A: Abandonment occurs when the parent or legal custodian of a child, while being able, makes no provision for the child's support and has failed to establish or maintain a substantial and positive relationship with the child. “Establish or maintain a substantial and positive relationship” includes, but is not limited to, frequent and regular contact with the child through frequent and regular visitation or frequent and regular communication to or with the child, and the exercise of parental rights and responsibilities. Marginal efforts and incidental or token visits or communications are not sufficient to establish or maintain a substantial and positive relationship with a child. The incarceration of a parent, legal custodian, or caregiver responsible for a child's welfare may support a finding of abandonment. Florida Statute 39.01(1).
Q: Can I request the court to terminate the other parent’s parental rights due to domestic violence?
A: Possibly. To terminate parental rights based on the continued threat of domestic violence in the home, the requesting party must prove (1) that the child's life, safety, or health would be threatened by continued interaction with the parent, regardless of the provision of services; (2) that there is no reasonable basis to believe the parent will improve; and (3) that termination is the least restrictive means of protecting the child from serious harm. T.O. v. Department of Children and Families, 21 So.3d 173 (Fla. 4th DCA 2009), rehearing denied, 30 So.3d 493.
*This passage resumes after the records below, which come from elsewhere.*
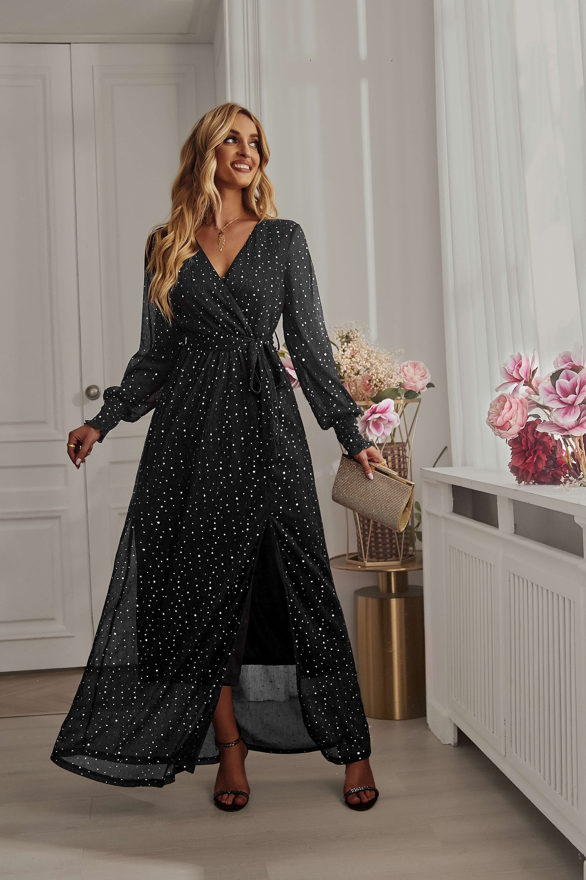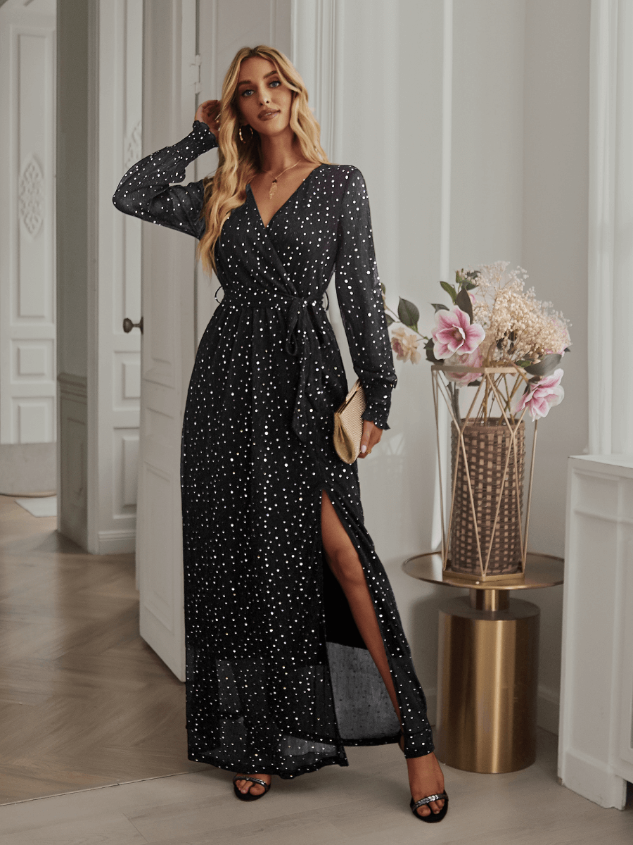 LEANDRA FRONT SPLIT SHIMMER MAXI DRESS - BLACK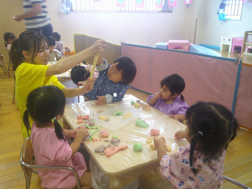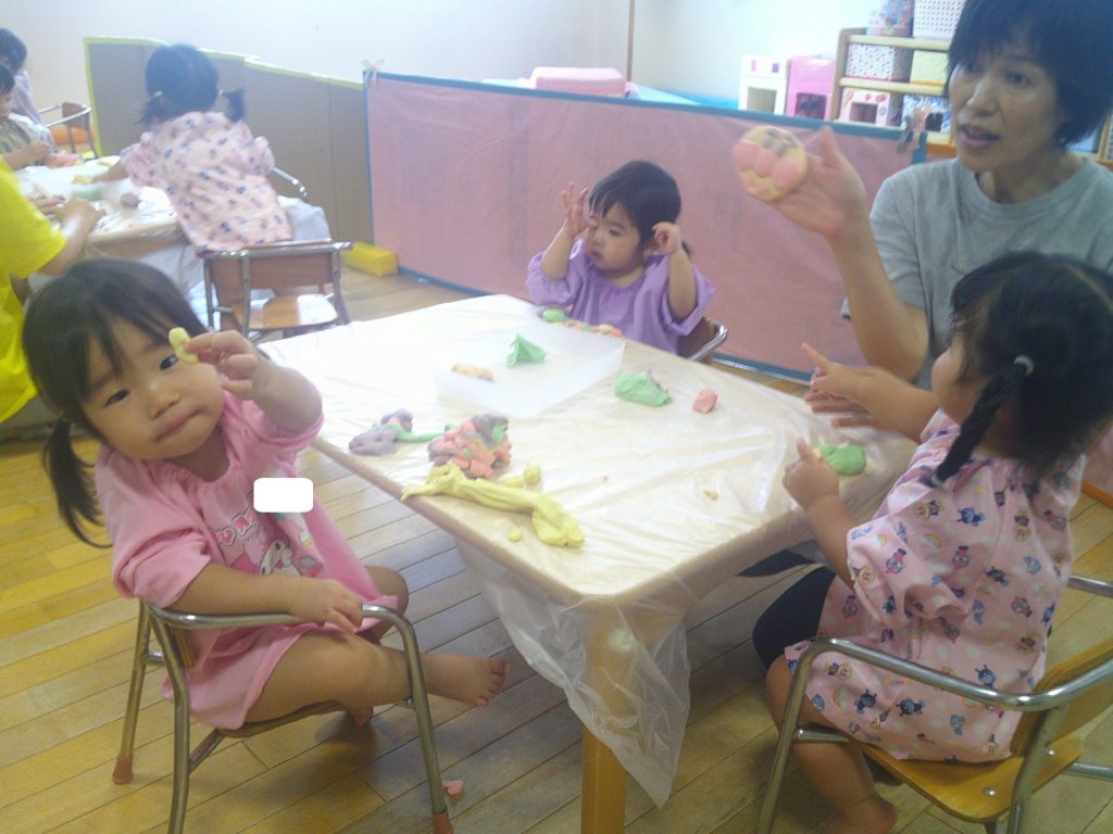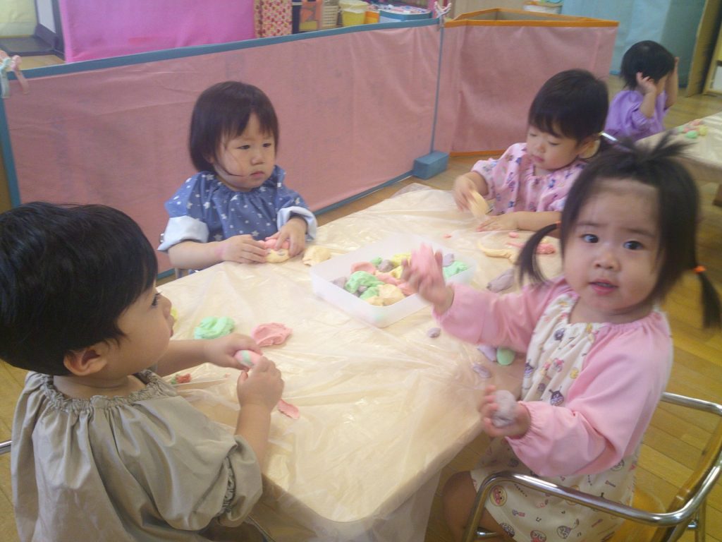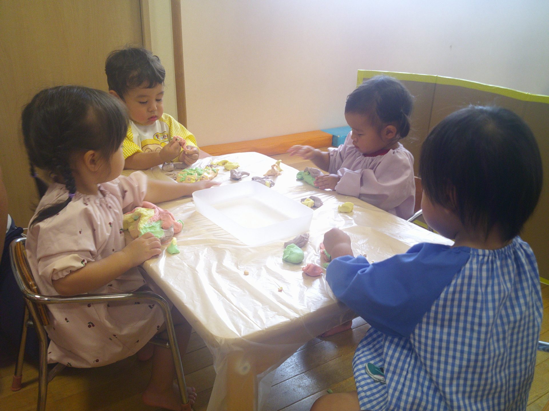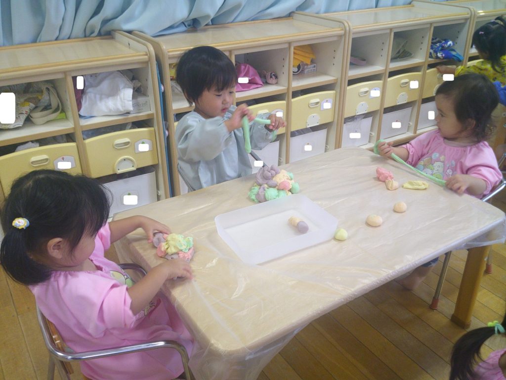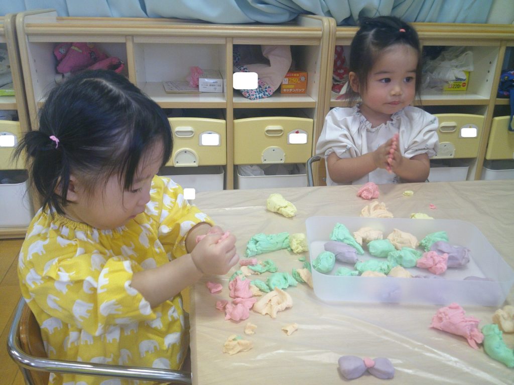 2025年08月04日 小麦粉粘土で遊んだよ! ピンク、オレンジ、黄色、黄緑、紫色の小麦粉粘土を使って遊びました。初めての感触に少し戸惑う様子もありましたが、指でちょんちょんとつついてみたり、びよ~んと伸ばしてみたり、プチっとちぎってみたりしながら思い思いに楽しむみかん組の子ども達でした。「冷たーい!」やムニムニなど、いろいろな感触を感じる声もたくさん聞かれましたよ😄⭐
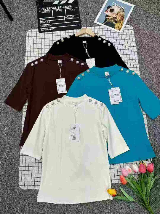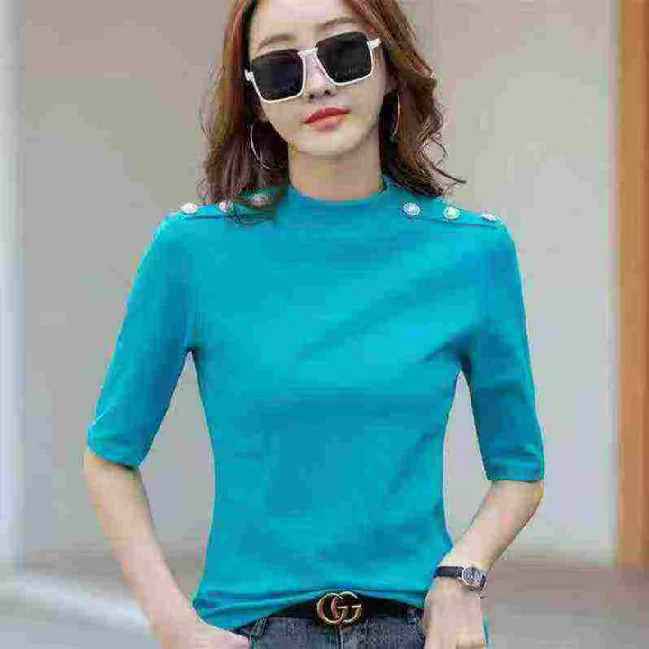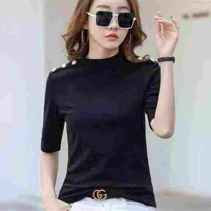 1300件五分袖t恤女修身欧洲站女装2025春新款洋气半高领纯棉显瘦打底衫,整款4个颜色,独立包装带吊牌,码数S一3XL,全清10.8分货加1

Q: If a child has been adjudicated dependent and a case plan has been filed with the court, can I just ask the court to terminate the parent’s or parents’ parental rights and it be granted?
A: No. When a child is adjudicated dependent and a case plan has been filed with the court, the requesting party must also demonstrate to the court that the child continues to be abused, neglected, or abandoned by the parent or parents and the parent or parents have materially breached the case plan. Florida Statute 39.806(e)(1), (2).
Q: How do I prove that the parent or parents have materially breached a case plan of a dependent child?
A: The court must find that the parent or parents are unlikely or unable to substantially comply with the case plan before time to comply with the case plan expires. Florida Statute 39.806(e)(2).